Accidentally holding head of a large `Stream` is another danger:

```val largeStream: Stream[Int] = //,..
//...
val smallerStream = largeStream drop 1000000
```
`smallerStream` is a reference to a stream without first million elements. But these elements are still cached in original `largeStream`. As long as you keep a reference to it, they are kept in memory. The moment `largeStream` reference goes out of scope, first million elements are eligible for garbage collection, while the remaining part of the stream is still referenced.

The discussion above applies equally well to Scala and Clojure. As you can see you have to be really careful when working with lazy sequences. They are very powerful and ubiquitous in functional languages - but "With great power, comes great responsibility". The moment you start playing with possibly infinite entities, you have to be careful.

# `iterate`

If you are more experienced with Clojure or Scala you might be wondering why I haven't used `(iterate f x)` or `Stream.iterate()`. These helper methods are great when you have an infinite stream and when each element can be computed as a function of the previous one. Clearly Cron stream cannot take advantage of this handy tool as it can be finite as shown earlier. But for the sake of being complete, here is a much shorter, but incorrect implementation using `iterate`:

```def infiniteFindTriggerTimes(expr: CronExpression, after: Date) =
Stream.iterate(expr getNextValidTimeAfter after){last =>
expr getNextValidTimeAfter last
}
```
...and Clojure:

```(defn find-trigger-times [expr after]
(iterate
#(. expr getNextValidTimeAfter %)
(. expr getNextValidTimeAfter after)))
```
The idea in both cases is simple: we provide initial element `x` (first argument in Scala, second in Clojure) and a function `f` that transforms previous element to current one. In other words we produce the following stream: `[x, f(x), f(f(x)), f(f(f(x))), ...]`.

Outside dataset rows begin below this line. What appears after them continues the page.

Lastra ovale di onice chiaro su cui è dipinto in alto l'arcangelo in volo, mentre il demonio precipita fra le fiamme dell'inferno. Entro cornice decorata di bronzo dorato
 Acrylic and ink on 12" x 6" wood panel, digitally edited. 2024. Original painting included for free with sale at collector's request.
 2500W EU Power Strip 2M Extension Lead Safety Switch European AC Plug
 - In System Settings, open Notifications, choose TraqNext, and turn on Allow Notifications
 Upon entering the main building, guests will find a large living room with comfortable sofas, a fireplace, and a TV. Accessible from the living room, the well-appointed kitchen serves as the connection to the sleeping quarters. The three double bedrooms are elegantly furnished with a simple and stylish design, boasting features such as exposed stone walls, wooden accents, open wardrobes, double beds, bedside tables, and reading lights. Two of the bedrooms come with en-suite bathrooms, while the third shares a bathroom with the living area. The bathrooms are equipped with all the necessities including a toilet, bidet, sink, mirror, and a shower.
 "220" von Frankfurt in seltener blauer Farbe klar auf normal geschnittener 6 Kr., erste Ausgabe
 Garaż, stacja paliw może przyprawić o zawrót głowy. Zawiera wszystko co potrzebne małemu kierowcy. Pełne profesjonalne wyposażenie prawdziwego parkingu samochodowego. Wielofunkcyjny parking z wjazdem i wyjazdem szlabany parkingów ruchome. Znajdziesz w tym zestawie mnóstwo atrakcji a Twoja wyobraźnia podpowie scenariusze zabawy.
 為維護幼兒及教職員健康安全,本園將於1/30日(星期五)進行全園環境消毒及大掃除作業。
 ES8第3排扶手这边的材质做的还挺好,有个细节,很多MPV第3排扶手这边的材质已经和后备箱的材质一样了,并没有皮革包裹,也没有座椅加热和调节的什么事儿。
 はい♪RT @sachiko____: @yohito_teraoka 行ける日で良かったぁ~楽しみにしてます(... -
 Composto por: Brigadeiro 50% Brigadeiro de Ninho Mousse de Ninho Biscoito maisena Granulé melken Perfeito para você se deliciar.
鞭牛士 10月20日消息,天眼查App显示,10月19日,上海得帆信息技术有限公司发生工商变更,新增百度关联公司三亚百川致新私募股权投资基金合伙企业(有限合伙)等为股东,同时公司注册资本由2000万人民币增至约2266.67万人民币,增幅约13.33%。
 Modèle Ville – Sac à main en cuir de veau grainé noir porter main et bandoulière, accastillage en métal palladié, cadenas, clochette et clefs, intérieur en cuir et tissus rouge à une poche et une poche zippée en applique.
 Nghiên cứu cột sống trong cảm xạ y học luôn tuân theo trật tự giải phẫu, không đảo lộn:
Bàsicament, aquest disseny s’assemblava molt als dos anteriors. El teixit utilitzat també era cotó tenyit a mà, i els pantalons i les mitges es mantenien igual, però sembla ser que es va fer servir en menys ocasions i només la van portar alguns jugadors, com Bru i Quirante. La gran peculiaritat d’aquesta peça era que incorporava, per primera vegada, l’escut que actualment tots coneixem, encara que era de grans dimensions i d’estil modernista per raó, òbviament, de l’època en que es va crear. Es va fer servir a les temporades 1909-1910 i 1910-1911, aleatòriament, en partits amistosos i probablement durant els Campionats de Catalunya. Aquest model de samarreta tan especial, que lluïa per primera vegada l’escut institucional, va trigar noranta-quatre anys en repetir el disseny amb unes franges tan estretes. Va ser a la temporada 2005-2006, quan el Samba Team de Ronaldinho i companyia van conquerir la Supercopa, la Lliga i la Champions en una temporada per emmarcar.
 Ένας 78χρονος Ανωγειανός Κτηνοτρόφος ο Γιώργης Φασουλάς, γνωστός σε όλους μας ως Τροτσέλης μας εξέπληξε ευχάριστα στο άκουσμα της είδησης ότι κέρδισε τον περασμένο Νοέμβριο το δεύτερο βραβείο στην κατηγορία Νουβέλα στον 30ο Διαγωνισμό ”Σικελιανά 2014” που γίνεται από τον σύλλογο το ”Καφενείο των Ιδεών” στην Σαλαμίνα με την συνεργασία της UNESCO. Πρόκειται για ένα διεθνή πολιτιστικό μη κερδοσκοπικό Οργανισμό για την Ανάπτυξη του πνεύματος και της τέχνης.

Implementations above work until they reach end of stream (if any). So to end with something positive we shall use `iterate` to produce infinite stream of prime numbers (apologize for such a theoretical problem) using naĂŻve `prime?` predicate:

```(defn- divisors [x]
(filter #(zero? (rem x %))
(range 2 (inc (Math/sqrt x)))))
(defn- prime? [x] (empty? (divisors x)))
(defn- next-prime [after]
(loop [x (inc after)]
(if (prime? x)
x
(recur (inc x)))))
(def primes (iterate next-prime 2))
```
I hope both the idea and the implementation are clear. If a number doesn't have any divisors, it's considered prime. `next-prime` returns subsequent prime number greater than a given value. So `(next-prime 2)` yields `3`, `(next-prime 3)` gives `5` and so on. Using this function we can build `primes` lazy sequence by simply providing first prime number and `next-prime` function.

# Conclusion

Lazy sequences (or streams) are great abstractions, impossible or tedious to represent in imperative languages. They feel like normal lists but they are evaluated only when needed. Both Scala and Clojure have great support for them and they behave similarly. You can map, filter, cut etc. on streams and they never really compute their elements as long as it's not really needed. Moreover they cache already computed values while still being thread-safe. However when dealing with infinity, care must be taken. If you try to innocently count elements of infinite stream or find non-existing item (e.g. `primes.find(_ == 10)`) no one will save you.

1 - `getNextValidTimeAfter()` full implementation is 400 lines long.